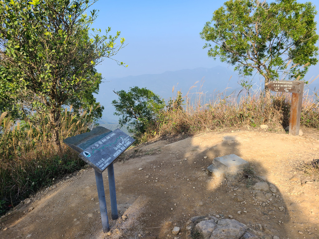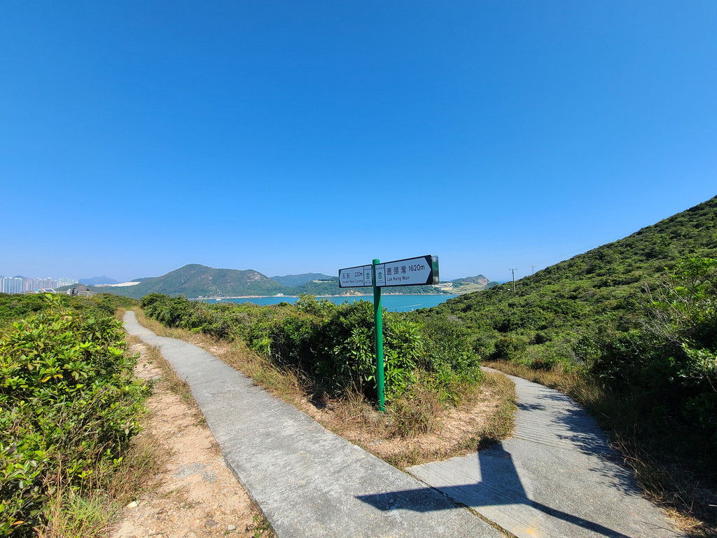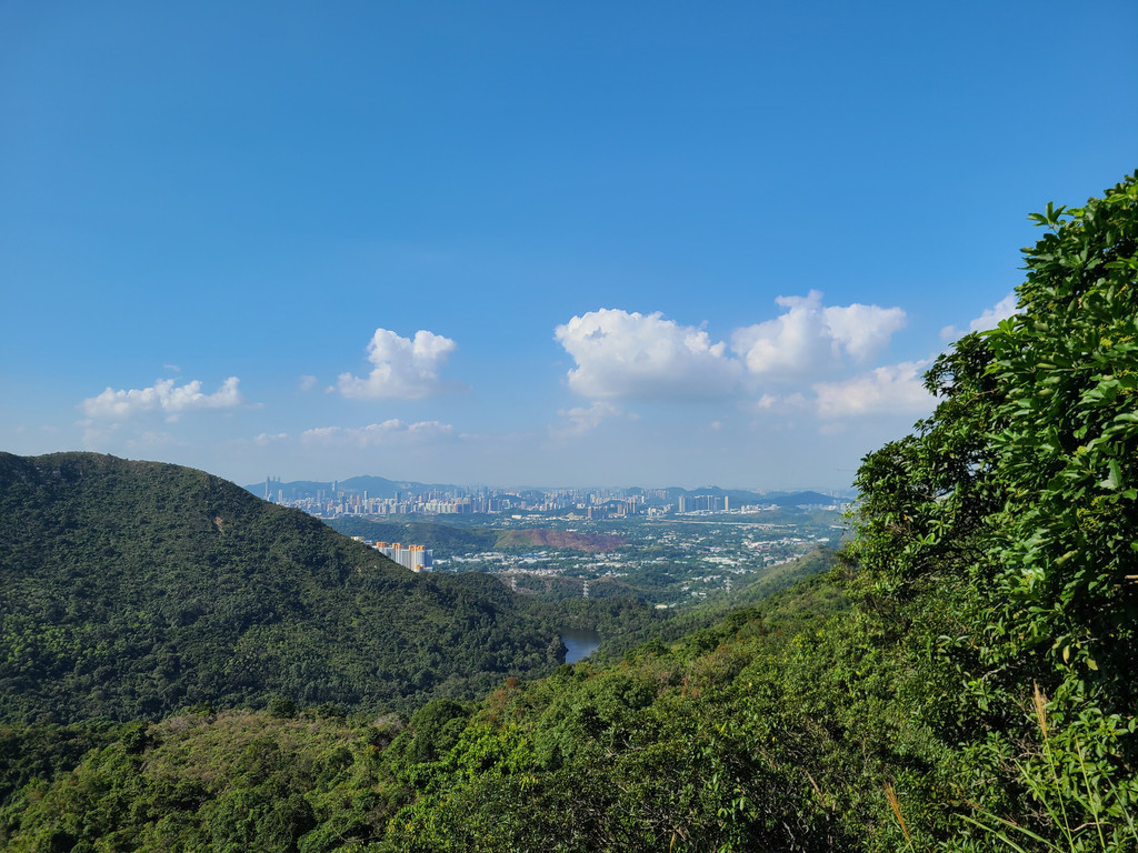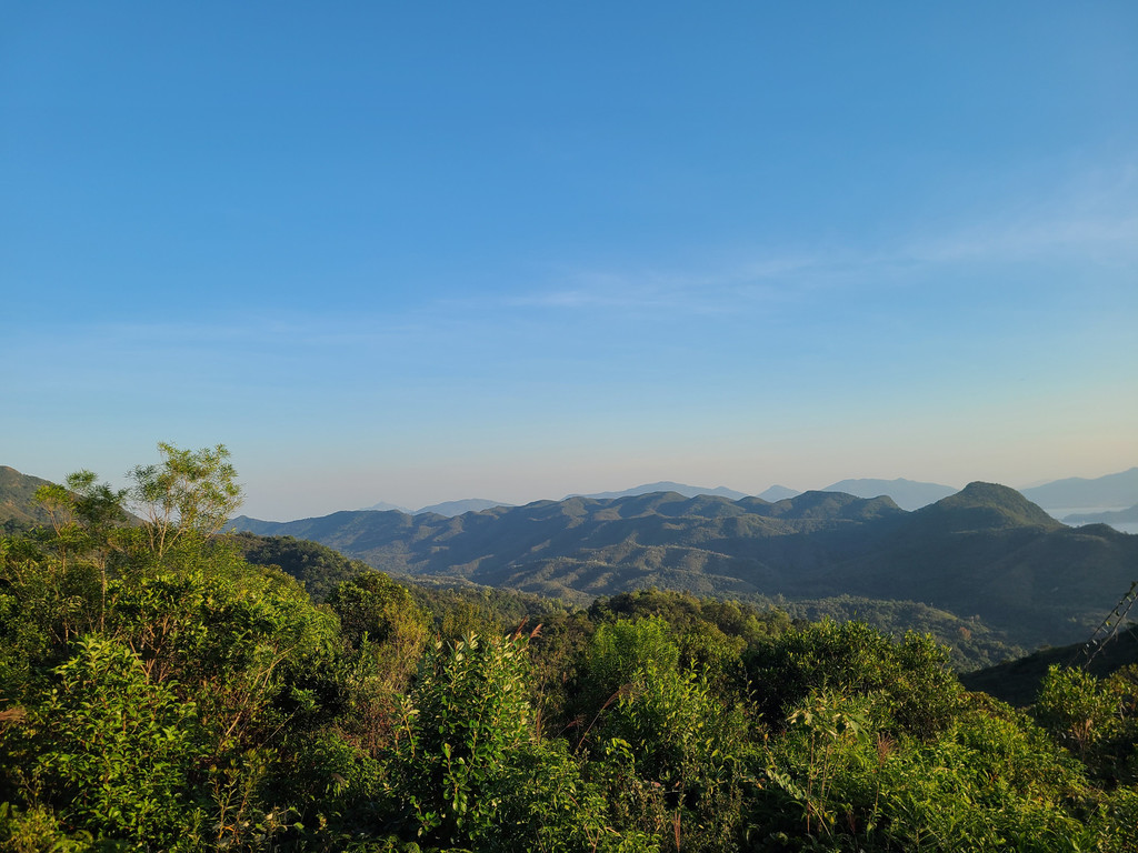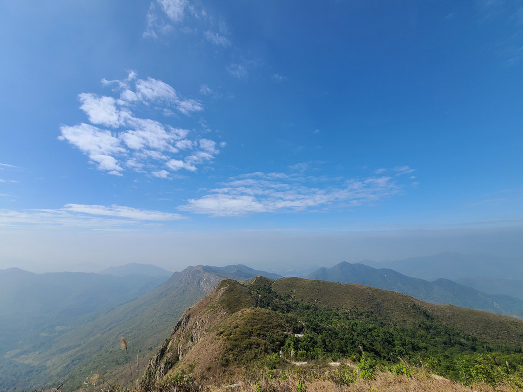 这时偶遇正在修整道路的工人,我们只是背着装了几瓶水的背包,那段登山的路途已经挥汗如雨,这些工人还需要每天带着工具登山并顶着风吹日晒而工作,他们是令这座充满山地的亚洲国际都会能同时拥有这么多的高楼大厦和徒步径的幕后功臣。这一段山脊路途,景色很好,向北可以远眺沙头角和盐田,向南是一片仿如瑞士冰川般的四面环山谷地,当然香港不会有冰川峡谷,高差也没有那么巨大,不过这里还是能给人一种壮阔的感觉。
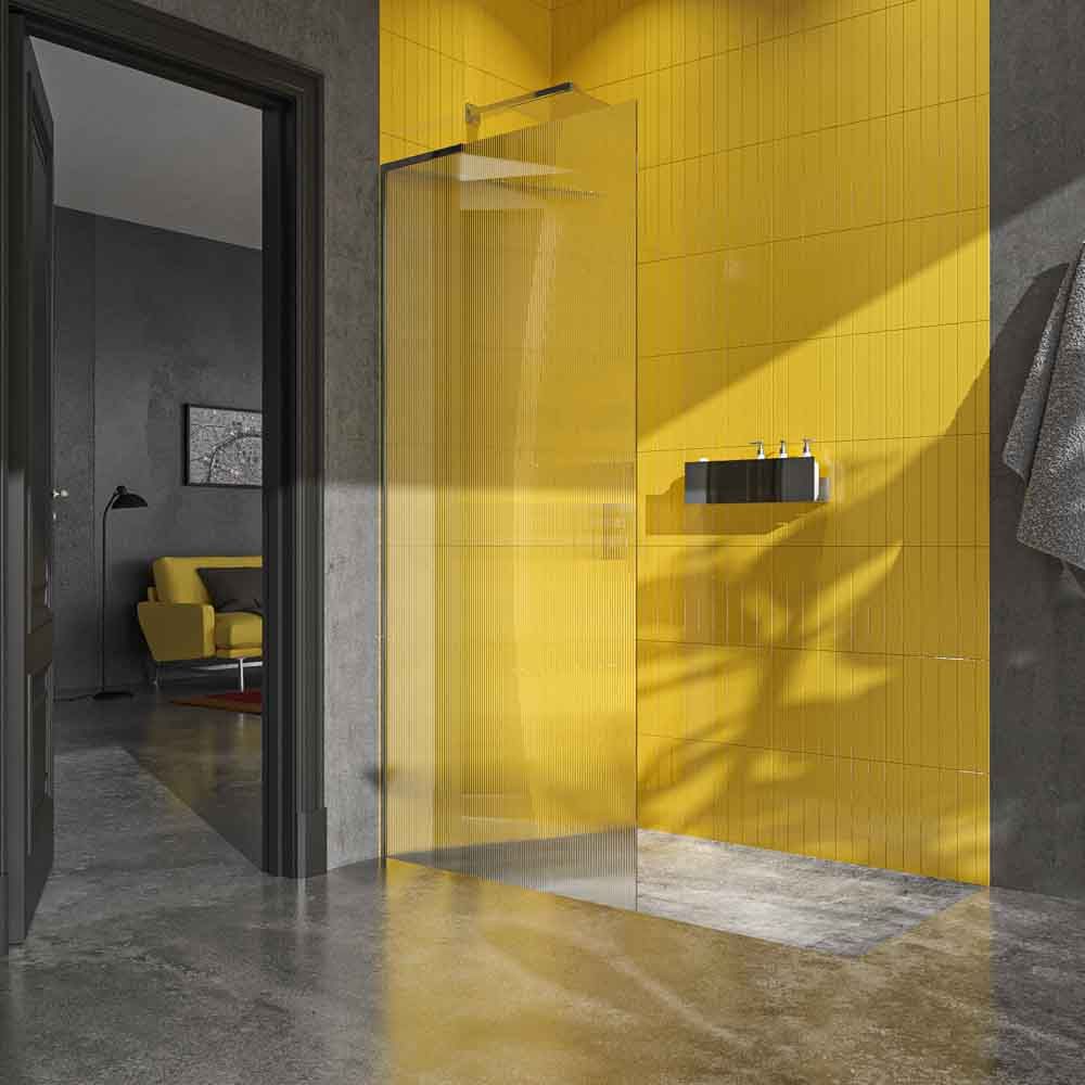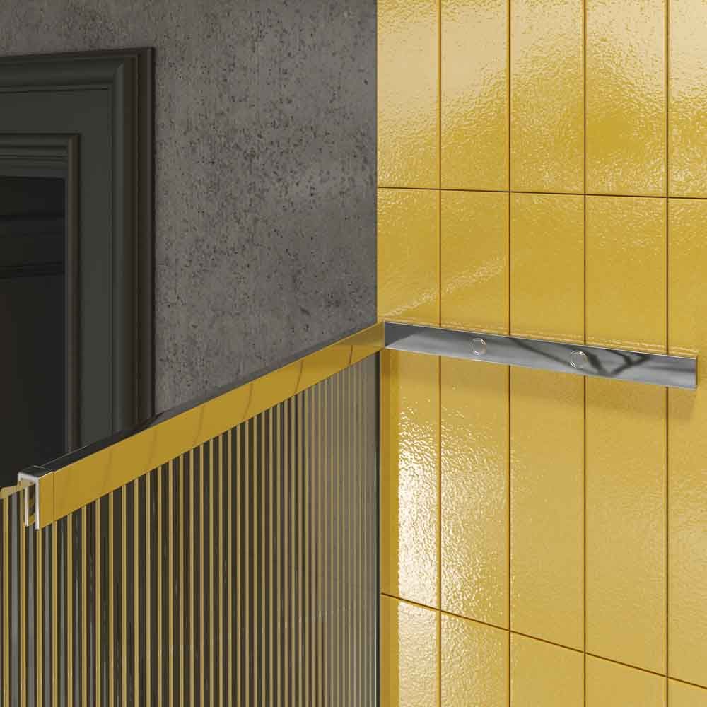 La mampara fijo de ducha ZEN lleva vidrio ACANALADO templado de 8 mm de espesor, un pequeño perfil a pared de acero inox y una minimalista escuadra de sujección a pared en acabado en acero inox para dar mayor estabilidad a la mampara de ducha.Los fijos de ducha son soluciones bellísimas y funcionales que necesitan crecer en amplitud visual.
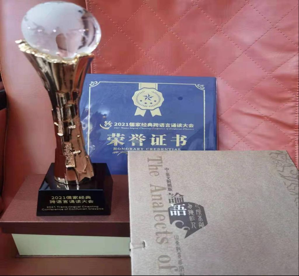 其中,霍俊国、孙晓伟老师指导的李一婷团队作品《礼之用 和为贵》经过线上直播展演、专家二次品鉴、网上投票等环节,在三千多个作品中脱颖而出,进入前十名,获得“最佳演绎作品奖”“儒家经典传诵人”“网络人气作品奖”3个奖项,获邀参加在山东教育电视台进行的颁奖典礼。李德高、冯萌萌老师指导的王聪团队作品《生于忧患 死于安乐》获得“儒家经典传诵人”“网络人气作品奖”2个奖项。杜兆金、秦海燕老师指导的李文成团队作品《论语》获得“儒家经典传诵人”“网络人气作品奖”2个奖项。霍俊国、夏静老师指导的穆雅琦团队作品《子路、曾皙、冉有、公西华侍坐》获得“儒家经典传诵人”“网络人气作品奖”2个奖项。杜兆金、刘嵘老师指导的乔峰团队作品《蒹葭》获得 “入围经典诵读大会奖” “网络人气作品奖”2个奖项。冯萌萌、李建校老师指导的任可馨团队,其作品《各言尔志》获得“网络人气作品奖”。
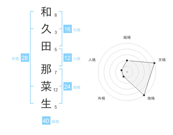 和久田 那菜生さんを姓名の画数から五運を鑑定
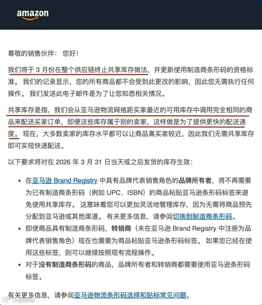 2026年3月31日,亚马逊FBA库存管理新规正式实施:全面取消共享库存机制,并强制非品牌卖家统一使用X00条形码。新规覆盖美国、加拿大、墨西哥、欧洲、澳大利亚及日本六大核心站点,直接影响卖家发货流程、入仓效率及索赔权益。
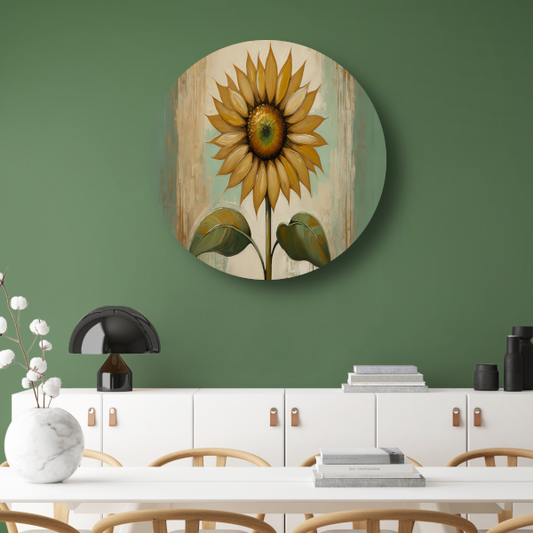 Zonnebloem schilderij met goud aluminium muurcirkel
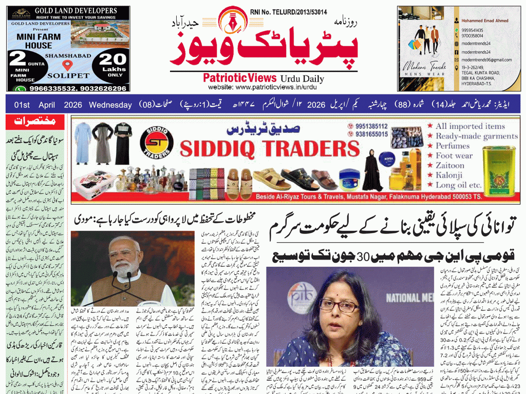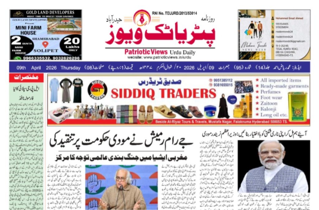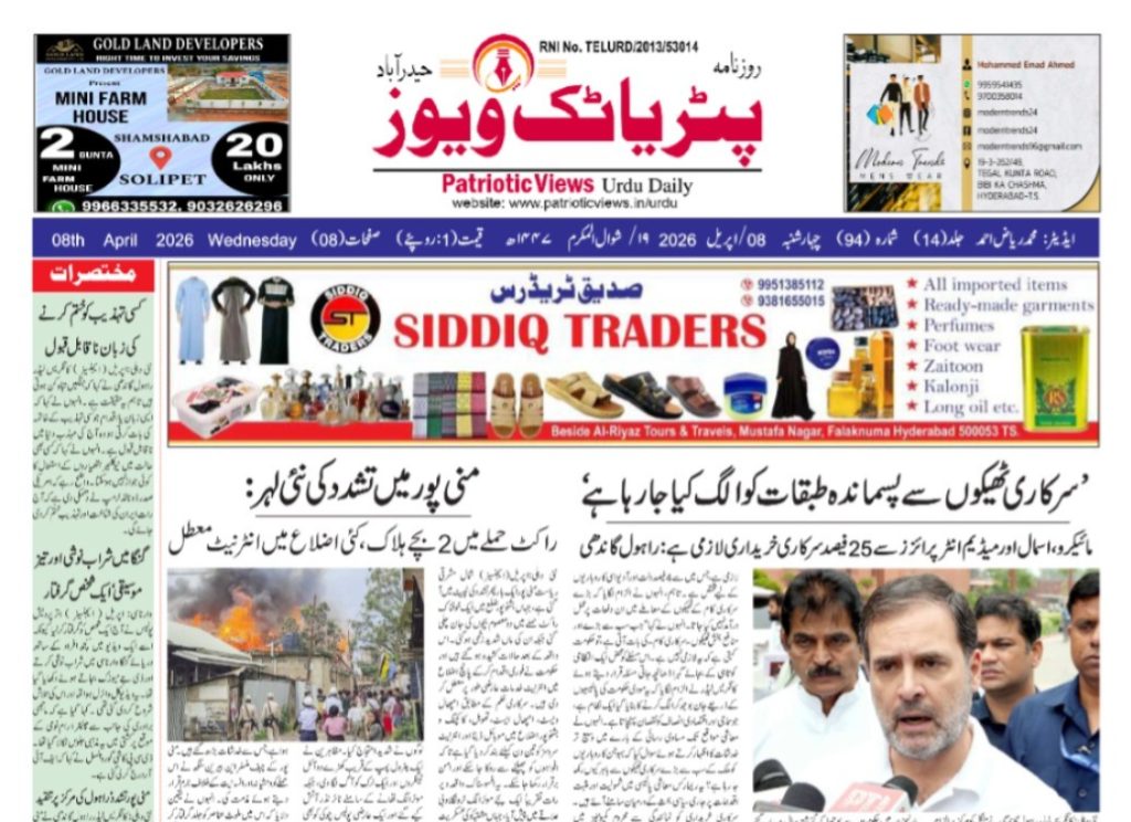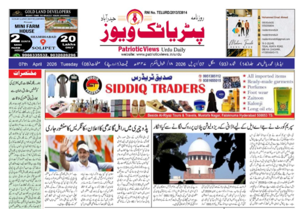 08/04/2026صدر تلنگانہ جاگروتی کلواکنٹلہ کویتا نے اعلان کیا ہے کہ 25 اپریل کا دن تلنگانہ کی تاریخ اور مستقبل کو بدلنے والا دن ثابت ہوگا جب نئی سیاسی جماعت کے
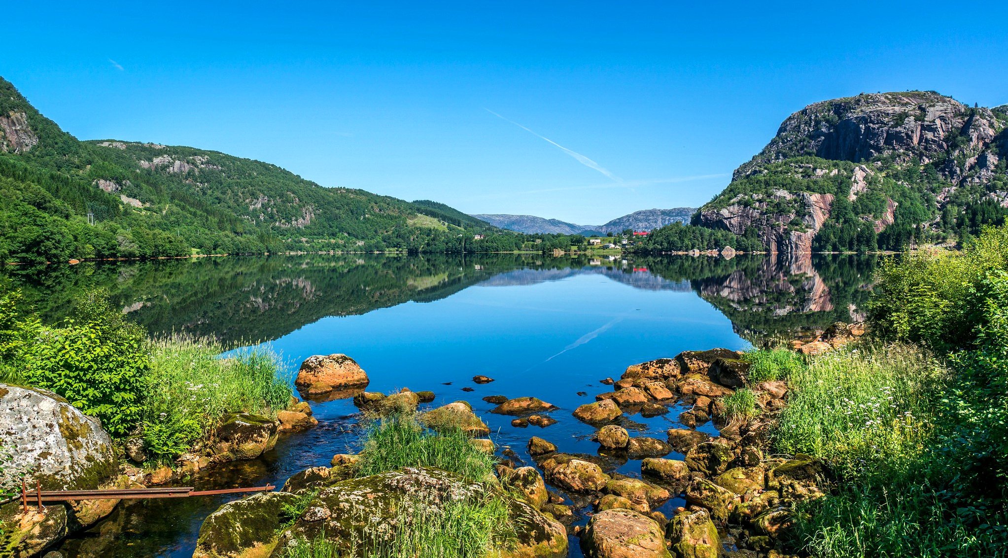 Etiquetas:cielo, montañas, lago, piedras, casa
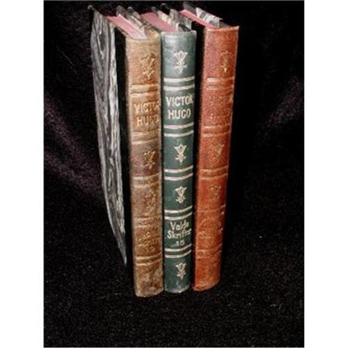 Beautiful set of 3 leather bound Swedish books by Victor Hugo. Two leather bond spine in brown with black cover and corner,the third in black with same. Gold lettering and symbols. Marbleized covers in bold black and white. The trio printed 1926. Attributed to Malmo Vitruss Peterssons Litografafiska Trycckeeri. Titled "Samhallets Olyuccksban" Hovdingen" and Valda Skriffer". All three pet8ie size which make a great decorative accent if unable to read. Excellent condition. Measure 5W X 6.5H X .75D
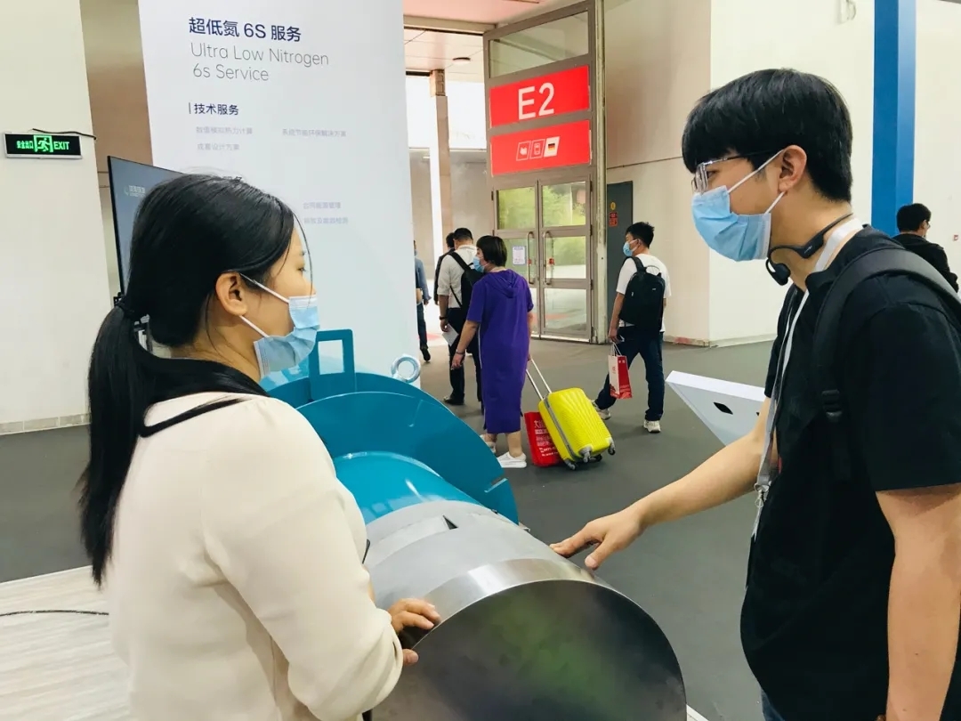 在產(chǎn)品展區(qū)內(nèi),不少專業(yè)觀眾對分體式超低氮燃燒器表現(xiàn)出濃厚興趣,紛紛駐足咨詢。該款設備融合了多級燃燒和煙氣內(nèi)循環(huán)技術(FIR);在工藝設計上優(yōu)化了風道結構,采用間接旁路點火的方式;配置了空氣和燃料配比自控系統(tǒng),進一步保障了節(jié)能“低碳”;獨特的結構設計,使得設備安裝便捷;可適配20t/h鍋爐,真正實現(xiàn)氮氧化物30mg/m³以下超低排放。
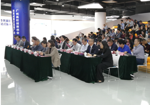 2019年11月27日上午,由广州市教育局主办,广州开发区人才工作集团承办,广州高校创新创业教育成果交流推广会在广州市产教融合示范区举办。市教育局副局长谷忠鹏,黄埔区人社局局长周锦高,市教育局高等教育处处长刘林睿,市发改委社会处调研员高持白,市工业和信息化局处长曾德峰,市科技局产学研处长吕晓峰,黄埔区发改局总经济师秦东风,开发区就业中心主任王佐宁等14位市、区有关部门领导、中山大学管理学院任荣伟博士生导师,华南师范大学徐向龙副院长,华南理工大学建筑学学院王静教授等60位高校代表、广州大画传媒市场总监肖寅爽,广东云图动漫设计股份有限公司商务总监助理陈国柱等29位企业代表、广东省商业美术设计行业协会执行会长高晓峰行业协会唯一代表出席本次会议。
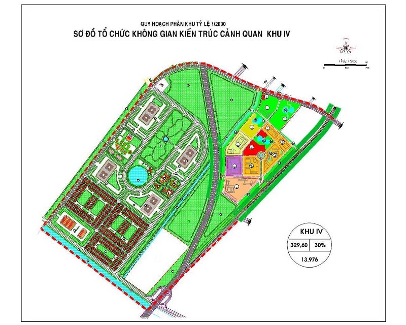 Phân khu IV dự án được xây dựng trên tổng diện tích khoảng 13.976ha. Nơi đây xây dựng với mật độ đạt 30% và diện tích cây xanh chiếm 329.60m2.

#### THE TASK:
Extract exactly the lines from the one containing "在產(chǎn)品展區(qū" through the last line of the records above, both included, and leave out the pictures.

#### TASK RESULT:
 在產(chǎn)品展區(qū)內(nèi),不少專業(yè)觀眾對分體式超低氮燃燒器表現(xiàn)出濃厚興趣,紛紛駐足咨詢。該款設備融合了多級燃燒和煙氣內(nèi)循環(huán)技術(FIR);在工藝設計上優(yōu)化了風道結構,采用間接旁路點火的方式;配置了空氣和燃料配比自控系統(tǒng),進一步保障了節(jié)能“低碳”;獨特的結構設計,使得設備安裝便捷;可適配20t/h鍋爐,真正實現(xiàn)氮氧化物30mg/m³以下超低排放。
 2019年11月27日上午,由广州市教育局主办,广州开发区人才工作集团承办,广州高校创新创业教育成果交流推广会在广州市产教融合示范区举办。市教育局副局长谷忠鹏,黄埔区人社局局长周锦高,市教育局高等教育处处长刘林睿,市发改委社会处调研员高持白,市工业和信息化局处长曾德峰,市科技局产学研处长吕晓峰,黄埔区发改局总经济师秦东风,开发区就业中心主任王佐宁等14位市、区有关部门领导、中山大学管理学院任荣伟博士生导师,华南师范大学徐向龙副院长,华南理工大学建筑学学院王静教授等60位高校代表、广州大画传媒市场总监肖寅爽,广东云图动漫设计股份有限公司商务总监助理陈国柱等29位企业代表、广东省商业美术设计行业协会执行会长高晓峰行业协会唯一代表出席本次会议。
 Phân khu IV dự án được xây dựng trên tổng diện tích khoảng 13.976ha. Nơi đây xây dựng với mật độ đạt 30% và diện tích cây xanh chiếm 329.60m2.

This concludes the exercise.